::: Data for this task

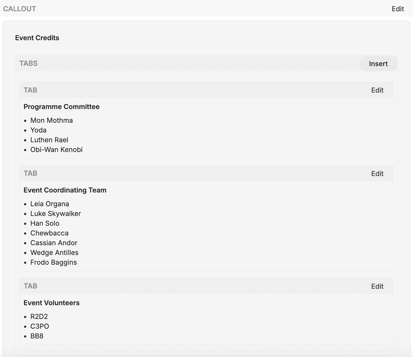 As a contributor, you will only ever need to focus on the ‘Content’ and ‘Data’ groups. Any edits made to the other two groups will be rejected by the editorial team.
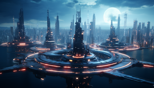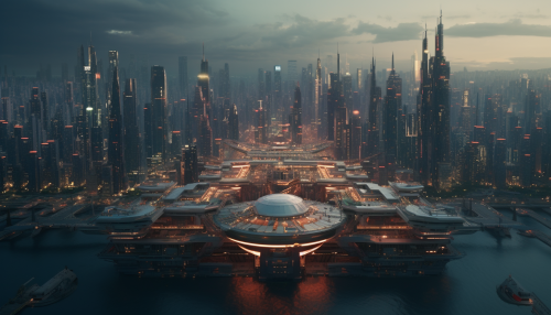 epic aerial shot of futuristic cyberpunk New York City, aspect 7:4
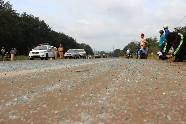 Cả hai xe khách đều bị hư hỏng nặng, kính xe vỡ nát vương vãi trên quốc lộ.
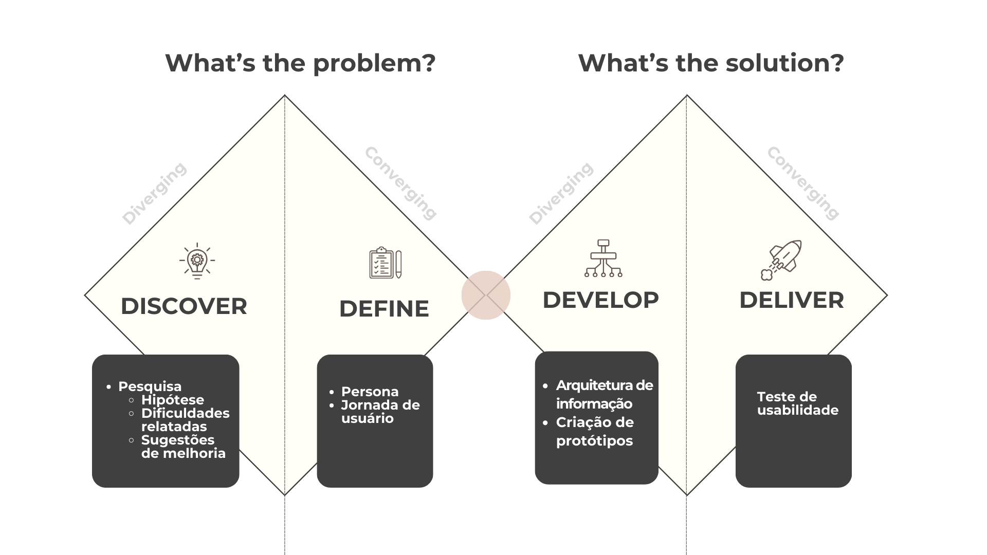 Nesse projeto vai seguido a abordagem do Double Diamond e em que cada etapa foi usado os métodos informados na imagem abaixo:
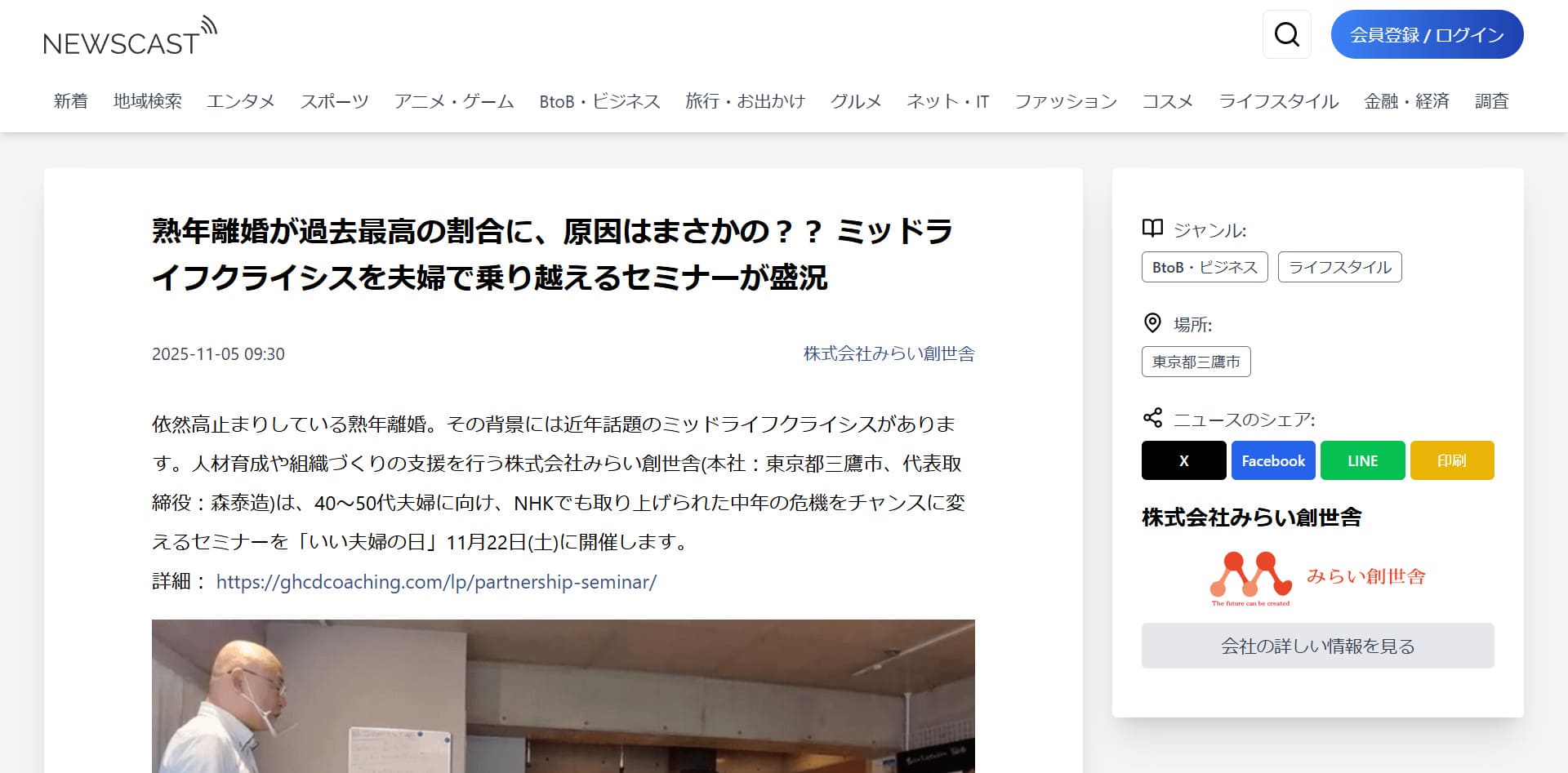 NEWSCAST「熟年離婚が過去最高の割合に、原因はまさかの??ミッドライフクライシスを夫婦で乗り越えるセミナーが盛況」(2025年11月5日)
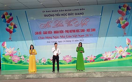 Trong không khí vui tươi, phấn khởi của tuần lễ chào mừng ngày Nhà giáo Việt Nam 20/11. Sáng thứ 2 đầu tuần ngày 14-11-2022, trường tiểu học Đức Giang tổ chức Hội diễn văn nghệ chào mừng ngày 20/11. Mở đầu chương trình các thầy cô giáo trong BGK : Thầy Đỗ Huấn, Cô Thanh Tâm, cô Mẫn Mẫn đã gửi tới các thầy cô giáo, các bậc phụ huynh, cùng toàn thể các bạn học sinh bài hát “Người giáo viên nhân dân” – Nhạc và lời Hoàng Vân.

::::::

May I have only the lines from the start of the data through the line containing "NEWSCAST「熟年離婚が", both included, reproduced exactly and without the pictures?

 As a contributor, you will only ever need to focus on the ‘Content’ and ‘Data’ groups. Any edits made to the other two groups will be rejected by the editorial team.
 epic aerial shot of futuristic cyberpunk New York City, aspect 7:4
 Cả hai xe khách đều bị hư hỏng nặng, kính xe vỡ nát vương vãi trên quốc lộ.
 Nesse projeto vai seguido a abordagem do Double Diamond e em que cada etapa foi usado os métodos informados na imagem abaixo:
 NEWSCAST「熟年離婚が過去最高の割合に、原因はまさかの??ミッドライフクライシスを夫婦で乗り越えるセミナーが盛況」(2025年11月5日)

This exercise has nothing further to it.